Lentiviral transductions

Phoenix cells were transfected with the FUCGW lentiviral vector expressing GFP along with packaging and envelope plasmids using Lipofectamine Plus reagent according to the manufacturer's instructions (Life Technologies, Grand Island, NY, USA). Viral supernatant was harvested 48 h post transfection, and CD34+CD38− cells were transduced in media containing 4 μg ml−1 polybrene (Sigma, St Louis, MO, USA), and 20 ng ml−1 recombinant human IL-7, SCF and TPO (R&D Systems). Transduced progenitors were intra-hepatically injected into newborn NSG and NSG-HLA-A2 tg mice as described above.

2-Photon imaging

Thymus tissue was adhered to a coverslip using Vetbond tissue adhesive (3M, Saint Paul, MN, USA) maintained in warm, oxygenated phenol red-free DMEM, and imaged as previously described.[70] Images were acquired using ZEN software on a Zeiss 7 MP microscope (× 20/1.0 Zeiss objective) with a Coherent Chameleon laser tuned to 920 nm (Zeiss, Jena, Germany).
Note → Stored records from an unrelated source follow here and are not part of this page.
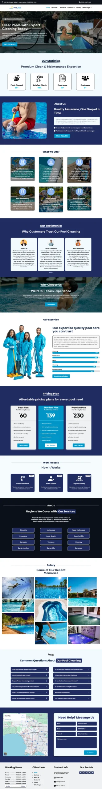 Pool cleaning searches happen on mobile, often during urgent situations. This template is optimized for speed and clean structure to reduce bounce and support ranking performance.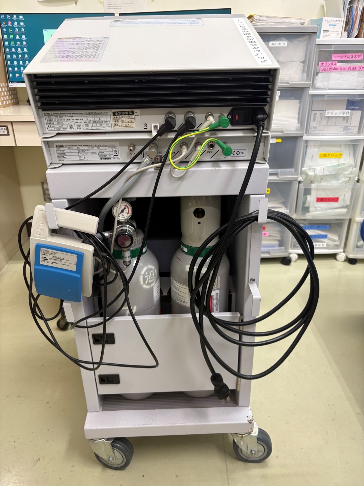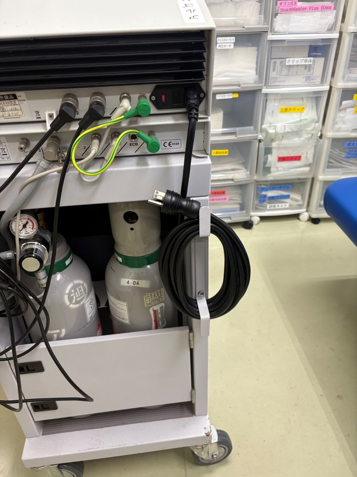 検査・治療といった手技に加え、士別市立病院では準備や後処置など、内視鏡を取り扱う手順についても統一を進めてきました。スコープの扱いには特に気を使っており、例えば操作部をトロリーにかける際には、ぐらつきが生じていないかを必ず確認。光源への接続時には、コネクター部を両手でしっかりと持ち、確実に挿入してから電源を入れるようにしています。その後の吸引器や送水タンクなどの接続も、決まった手順に沿って行います。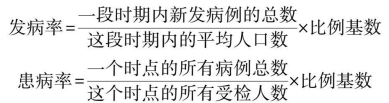 可见,两者在时间、分子和分母要求上均存在差异,故它们的使用不应相同。一般地,发病率是表示发病危险的直接指标,可用于探讨疾病的危险因素,评价疾病防治效果。患病率又称为现患率,用于描述病程较长或发病时间不易明确的疾病的患病情况。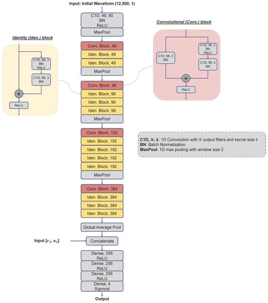 Figure 1 shows the proposed ILSW-Net architecture dedicated to resolving the regression problem. It consists of two main parts, namely a convolutional feature extractor followed by a cascade of dense layers. The convolutional feature extractor is inspired by the residual network architecture [] and influenced by the 1D ResNet model []. It receives the initial waveform of size 12,500 as input and learns discriminant features through the cascade of 1D convolutions and max poolings. Specifically, it makes use of two residual building blocks, namely a convolutional (Conv.) block and an identity (Iden.) block. the Conv. block has two branches, in which the first branch contains a Conv1D and the second branch has 2 consecutive Conv1D layers, allowing feature learning at different receptive fields of 3 and 5. These features are then combined by an addition. In the case of the Iden. block, the first branch is simply the input of the block. At the end of the convolutional feature extractor, global average pooling is used to obtain a vector with a length of 384.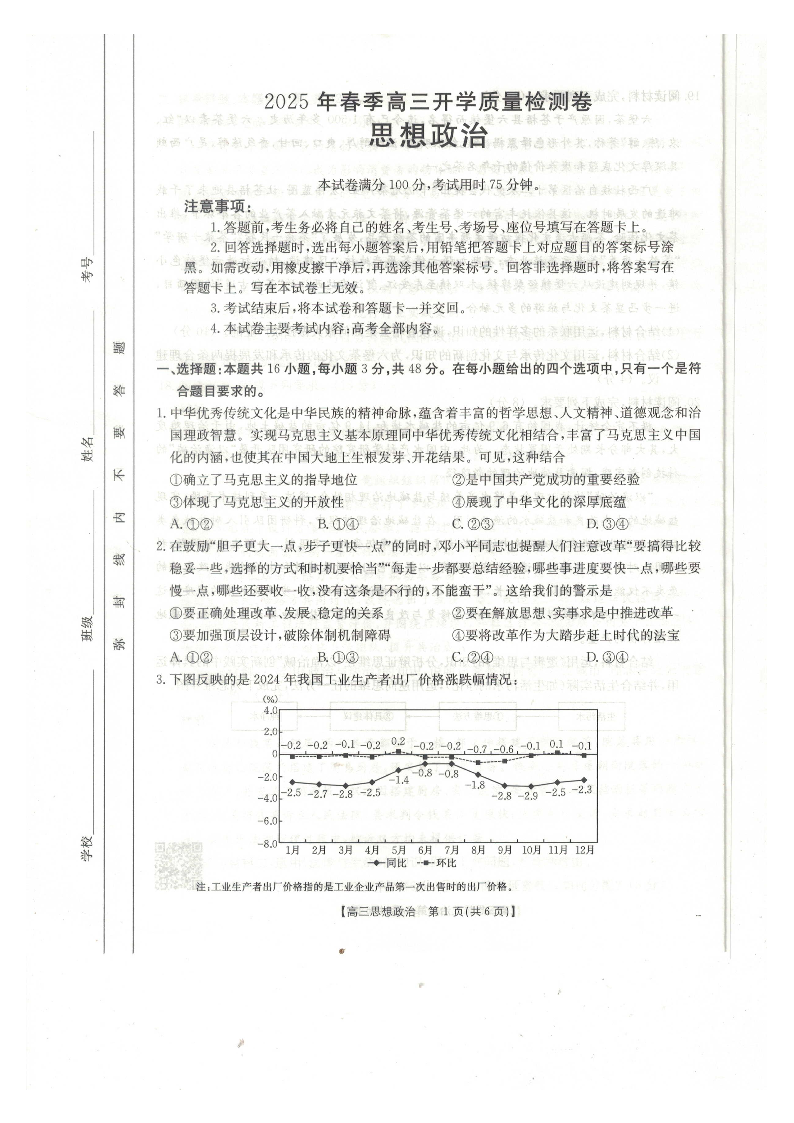 广西壮族自治区桂林市2024-2025春季高三开学质量检测政治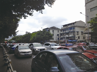 昨天早上7时39分,记者从飞霞南路口出发,沿学院路开往民航路口。从飞霞南路刚一左转进入学院路,就踩了一个刹车。路口进入约50米处右边有一个停车场,一些车辆停在路中等待进入,占据了一个车道,记者只好将方向盘向左打才能通过。在附二医的前面,又不得不连踩了好几个刹车,因为在医院门口,有两辆车因为无法停车在询问医院保安院内是否有停车位,另外有一辆车则打着双跳灯停在路上,也占据了大半个车道。在这一段650米的路上,基本是一踩油门就得接着踩刹车,一路共踩了11个刹车,7时43分才开到民航路口,历时4分钟,平均时速为9.75km/h,为该路段限速50km/h的五分之一。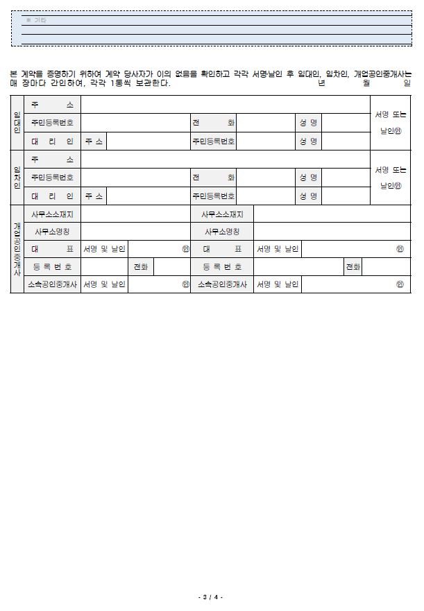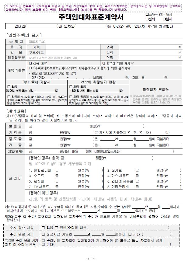 말그대로 표준임대차계약서 서식이기 때문에, 표준화된 양식의 빈칸에 내용들을 채워넣으시면 됩니다. 서식을 다운 받으시면 계약의 종류, 임차 주택의 정보, 계약 내용, 임차인·임대인의 정보 등을 기재할 수 있게 되어있습니다. 대다수의 사람들이 부동산에서 중개인과 함께 계약서를 작성하시겠지만, 계약서 상의 내용을 숙지하고 계약을 하는 것과 그렇지 않은 것은 하늘과 땅 차이이므로, 계약 전 반드시 표준임대차계약서 상의 내용을 숙지하시기 바랍니다.

Second harmonic and GFP fluorescence were separated using 495 nm, 510 nm and 560 nm dichroic mirrors, and image areas of 175 × 175 μm were scanned every 30–40 s over 40 time points with 3-μm z-steps to depths of up to 400 μm beneath the thymic capsule.

Image analysis

Imaris software (Bitplane Scientific Software, Saint Paul, MN, USA) was used to process the 2-photon movies to obtain migration behavior and interaction data. 2-Photon image data were further analyzed using standard and custom written MATLAB scripts (Mathworks, Natick, MA, USA), Image J and Excel. Custom codes are available upon request. Graphing and statistical analysis was done using GraphPad Prism (La Jolla, CA, USA).